Литмир - Электронная Библиотека

… «Мой! Мой! Мой!» — пульсирует в мозгу. Вот он, лежит, отвернувшись, но явно не спит. Слишком напряжено все его тело. Слишком не по себе ему сейчас. И все равно — мой! Потому что можно аккуратно провести пальцем по руке, вздрогнувшей в ответ. Можно зарыться носом во взлохмаченные волосы и вдохнуть совершенно неповторимый, пьянящий аромат. Можно прижаться плотнее, хозяйски провести рукой по груди, приласкать кончиком языка мочку уха, уловить первый, еле заметный отклик. И самодовольно усмехнуться: «Мой!»…

«Ненавижу!» — все, о чем думал Мартен, мотая очередной круг в этой проклятой гонке. Причем он и сам не мог бы с полной определенностью сказать, к кому же он испытывал это трепетное чувство. Кого ненавидеть, себя или его, если стоило оказаться с ним рядом, как моментально все системы организма дали сбой, во рту пересохло, руки предательски задрожали, а перед глазами вспышками адского огня засверкали беспощадные картинки, от которых вмиг бросило в жар? Самое обидное, что на этого гада ничто подобное, похоже, не действовало. Он, не обращая никакого внимания на пристроившегося рядом француза, спокойно закрыл все мишени и укатил праздновать вторую подряд победу. А Мартен так и не смог рядом с ним даже открыть огонь, совершенно непривычно для себя самого задержавшись с первым выстрелом. Скинуть проклятое оцепенение и нажать на спусковой крючок удалось лишь тогда, когда Антон сорвался с коврика, и схлынул нестерпимый жар, обжигающий в его присутствии. Но, видимо, подобные встряски не проходят даром. Первый же выстрел ушел в молоко, и Мартен, не сдержавшись, выругался, поняв, что он опять проиграл.

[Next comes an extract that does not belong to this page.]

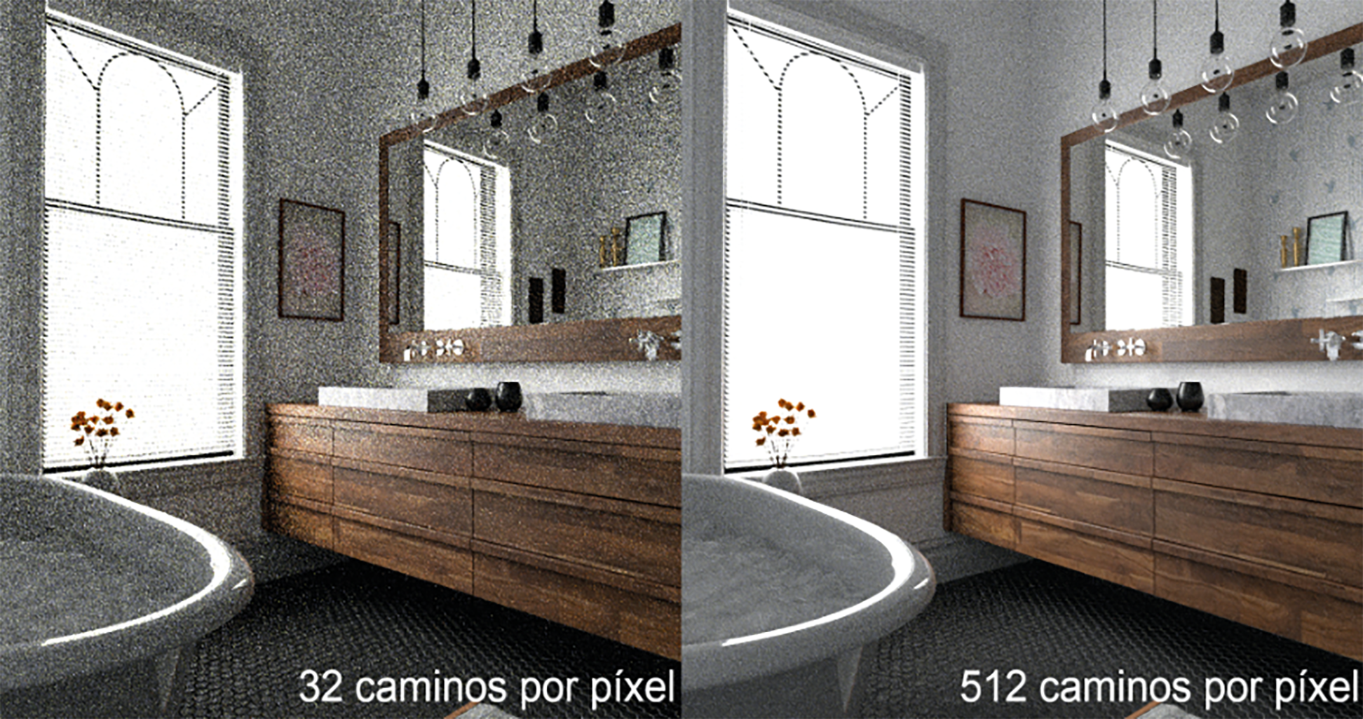 Consideren que están observando un paisaje. ¿Alguna vez se han preguntado por qué podemos observar este paisaje? La respuesta es muy compleja y su naturaleza depende del momento en el que enfoquemos la explicación. A nivel de nuestros ojos, podemos hablar de la retina y su sensibilidad para detectar diferencias en brillo y color, un proceso, en principio, similar al que se efectúa al tomar una fotografía. Pero vayamos un poco más atrás en el tiempo y pensemos en por qué vemos lo que vemos. Si cambiamos nuestra posición u observamos a una hora diferente del día, la imagen observada también cambiará. Para comprender mejor cómo es que este fenómeno funciona, pongámonos en un escenario muy simple. Consideren que se encuentran dentro de una habitación completamente cerrada y sin ventanas, pero con la luz encendida, y están observando una escena con objetos de diversos colores. Ahora imaginen que la luz se apaga. A pesar de que los objetos del cuarto aún se encuentran ahí, con exactamente las mismas propiedades que antes, tus ojos ya no serían capaces de percibirlos. Si después la luz es encendida, tus ojos podrían detectar de nuevo todos los objetos presentes en la escena. Este evento de encender la fuente de luz desencadena la emisión de millones de partículas llamadas fotones que interactúan con varios objetos presentes en la escena, rebotando una gran cantidad de veces entre ellos. Son los fotones rebotados que llegan a la retina humana los que finalmente dan lugar al sentido de la vista. Las interacciones y caminos recorridos por estos fotones proporcionan la información al ojo humano de todos los objetos que se encuentran en el campo visual. A lo largo de su recorrido, la luz sufre distintas interacciones como absorciones y dispersiones que generan los colores percibidos y, de manera global, las imágenes generadas por el cerebro. Las diferencias en color y brillo de la luz, que son inducidas por los objetos de la escena, contienen la información necesaria para determinar la posición, orientación, tamaño, color y perspectiva de los objetos acorde a la posición desde la que se observan. El transporte de luz, en sí mismo, engloba la naturaleza visual de la realidad, la cual es detectada por un sensor como la retina o la película de una cámara y, quizás, posteriormente, procesada por el cerebro humano o por una computadora. La generación de imágenes fotorrealistas consiste en la simulación por computadora tanto del transporte de luz como de su detección por un sensor. Esta simulación es extremadamente difícil desde un punto de vista teórico. Primeramente, se requiere de un conocimiento de las leyes físicas que modelan el transporte de luz, dadas principalmente por las ramas de la óptica y el electromagnetismo. En segunda, se necesita de una aplicación de matemáticas avanzadas para poder resolver este modelo físico. Y, en tercera instancia, una utilización eficiente de los recursos computacionales para que esta simulación sea factible en una computadora. Las imágenes generadas por computadora que simulan la realidad son usadas en diversos ámbitos: películas animadas, videojuegos, diseño asistido por computadora y realidad virtual. La generación de estas imágenes necesita un conjunto de datos de entrada, conocidos como escena, que, a grandes rasgos, están conformados por los valores de la cámara, la ubicación de las luces y los objetos presentes en la escena, cada uno con un material asociado que determina cómo interactúa la luz con estos objetos. Posteriormente, esta escena es procesada por una computadora mediante algoritmos que simulan el transporte de luz, generando una imagen final llamada render como lo que se representa en la siguiente figura. La simulación del transporte de luz es extremadamente costosa dado que millones de fotones están siendo emitidos. Cada una de estas partículas de luz emitidas interactúa y rebota con los objetos presentes en la escena, generando un camino de luz. Esto resulta en una infinidad de posibles caminos de luz que deben ser simulados por la computadora, una tarea titánica que no puede ser completada. Debido a esto, se recurre a una aproximación numérica de la solución exacta, la cual seguirá siendo extremadamente costosa, pero al menos es calculable. El método numérico usado para este fin es la integración Monte Carlo que, a muy grandes rasgos, consiste en la obtención aleatoria de algunos caminos de luz que serán utilizados para aproximar la solución, es decir, el render que se quiere calcular. Por ejemplo, se pueden obtener aleatoriamente 32 caminos por cada píxel de la imagen para estimar el valor del transporte de luz detectado en cada píxel. Este número de caminos aleatoriamente obtenidos puede ser incrementado para obtener una mejor solución, como te lo mostramos en la siguiente figura. Al algoritmo que obtiene aleatoriamente varios caminos de luz en todos los píxeles de la imagen que está siendo calculada, se le conoce como algoritmo path tracing o trazador de caminos. La velocidad con la que se obtiene una imagen (solución) de la simulación del transporte de luz depende de la manera en la que se obtuvieron los caminos aleatorios de luz. Se dice que esta generación de caminos es eficiente si es capaz de encontrar frecuentemente los caminos con mayor energía. Mientras más eficiente sea la selección aleatoria de los caminos de luz, más rápido se obtendrá la solución correcta. Un problema particularmente difícil es la existencia de caminos de luz altamente energéticos, pero sumamente difíciles de obtener aleatoriamente. La investigación de este problema consiste en desarrollar técnicas eficientes para obtener este tipo de caminos de luz, con la finalidad de generar (renderizar) imágenes fotorrealistas en un menor tiempo. Un ejemplo de obtención de caminos de luz de una manera distinta a la dada por el algoritmo path tracing es la exploración local de c

Уже финишировав на четвертом месте и пытаясь отдышаться, он краем глаза смотрел, как Антон, радостно вскинув руки, принимает восторги болельщиков, и думал, что, кажется, он окончательно влип.

В какой-то мере взять реванш удалось на следующий день: Антерсельва, похоже, наконец устыдилась и усердно принялась возвращать долги. Французская сборная вырвала наконец-то долгожданное золото, причем, что было особенно приятно, опередив в борьбе за победу именно русских. Те отстали на десять секунд, и Мартен, привычно финиширующий, был рад, о, конечно, рад! Главное — не признаваться даже самому себе, как точит душу червячок недовольства, что на последнем этапе ему пришлось соперничать не с Антоном. Тот начинал эстафету для своей команды, так что Мартен его почти и не видел. И, как ни крути, это неслабо так ломало кайф от победы.

Это уже никуда не годилось, и Мартен рьяно взялся исправлять эту небольшую неурядицу.

«Кстати, если ты не заметил… Эстафета прошла»

«Я заметил»

«И?»

«Что „И“?»

«Есть мысли по этому поводу?»

«Тебе говорили, что ты невыносимо нудный?»

«Не представляешь, сколько раз. Правда, обычно именовали это „настойчивый“. Поэтому жду к 8»

Ближе к назначенному времени он с изумлением понял, что все чаще поглядывает на часы и уже не может сосредоточиться на любимой книге, которую часто читал перед сном и которая всегда помогала расслабиться и привести нервы в нужное состояние. Впрочем, ничего странного, с готовностью успокоил его разум. Прошла уже целая неделя после той сумасшедшей ночи в скромном отеле Рупольдинга, воспоминания о которой Мартен старательно, но безуспешно гнал прочь. Неудивительно, что организм дает о себе знать. Как-никак, ситуация для него была нерядовая.

И только когда раздался негромкий стук в дверь, он выдохнул, неожиданно понимая, как же он, оказывается, боялся этого не услышать.

Антон стоял, засунув руки в карманы, стиснув зубы и глядя на него исподлобья. Мартен хотел было втащить его в номер, как тогда, но вдруг понял, что не может пошевелиться. А еще он неожиданно осознал, что сейчас Антон должен сделать этот шаг сам. Или не сделать его вовсе. Так они и стояли, как две статуи, до тех пор, пока Антон не усмехнулся холодно уголком губ и не произнес:

— Долго будем стоять? Или все же дашь мне войти?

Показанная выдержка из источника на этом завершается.